Iterative vs Waterfall

T: Serial (“waterfall”) development is best (or at least normal/acceptable)
A: Always use iterative development

Workflow

T: Design, Build and Test follow each other, in that order
A: Design, Build and Test influence each other, so they should be concurrent and iterative

Requirements Quality

To ensure requirements are well-defined and well-understood:

T: document them thoroughly; users see the system when finished
A: document them concisely; users see the system early and often

Knowledge Transfer

To ensure everyone understands the system:

T: Place importance on written documentation
A: Place importance on frequent verbal communication; regular working releases; and clear, readable source code

Team Composition

T: Team members should be specialists (BA, Designer, Developer, Tester etc)
A: Team members should be generalists (each with their own particular strengths)

Team Size

A successful process is one that:

T: Organises a large team
A: Gets the same output from a small team

Planning

T: Make a Gantt Chart at the start; maintain it during the project
A: Make a Task/Feature List at the start; maintain it during the project

Monitoring

Measure progress:

T: against the Plan
A: against the Task/Feature List (tracking which ones are completed).

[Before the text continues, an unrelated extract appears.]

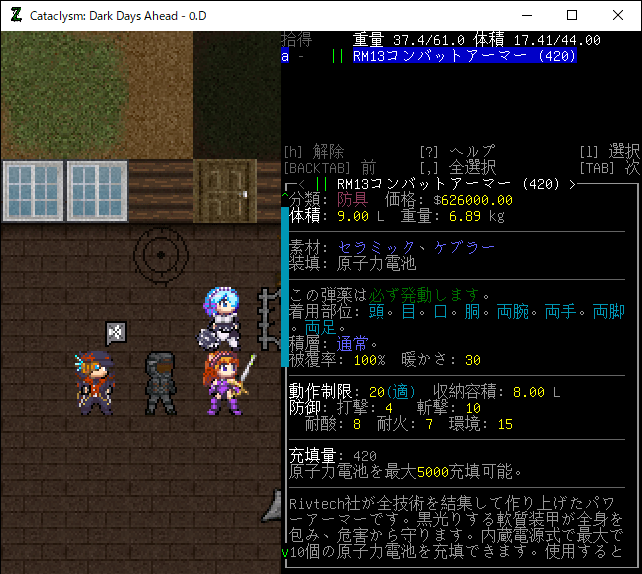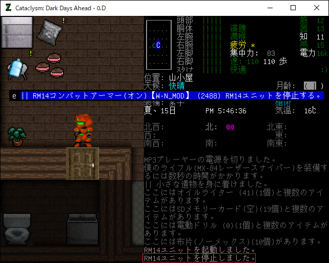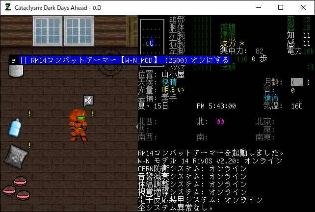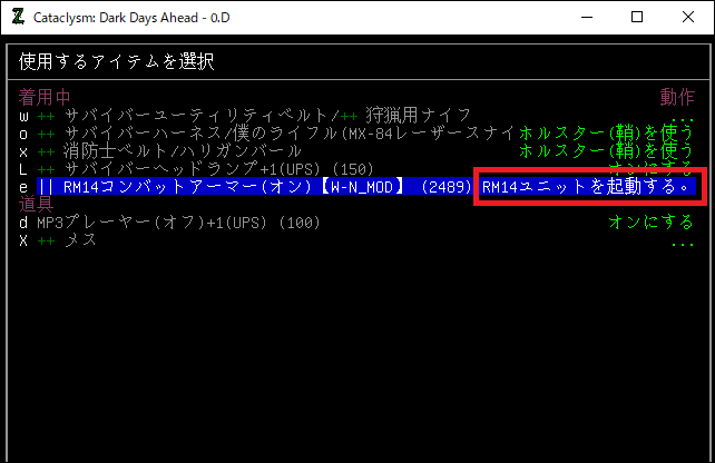RM14コンバットアーマーのjsonを完成させるのに10時間ほど掛かった。腰痛に苦しみながら休日を犠牲にした成果をとくと見てくれ!RM14コンバットアーマーを起動します!『a』コマンドでオフ状態のコンバットアーマーを使用するとオンになります。しかし、オンにした直後は何の変化もない(上の画像)。RM13と同じく1ターン経過しないと本当の意味でオン状態にはなりません。

But don’t just monitor your progress; also monitor the quality of that progress by testing and releasing regularly.

Managing Change

It’s hard to change software that’s already written, so:

T: Control or minimise change
A: Make change easier

Predicting Completion

Predict final completion date and cost using:

T: the updated Gantt Chart
A: the team’s progress to date

Process Definition

To help people successfully follow it, the development process should be:

T: thoroughly documented
A: concise and memorable

Process Improvement

Process improvement is best driven by:

T: metrics
A: the people involved

Philosophy

T: Software development is a construction process, so making detailed plans is advisable.
A: Software development is a creative process, so making detailed plans is unrealistic.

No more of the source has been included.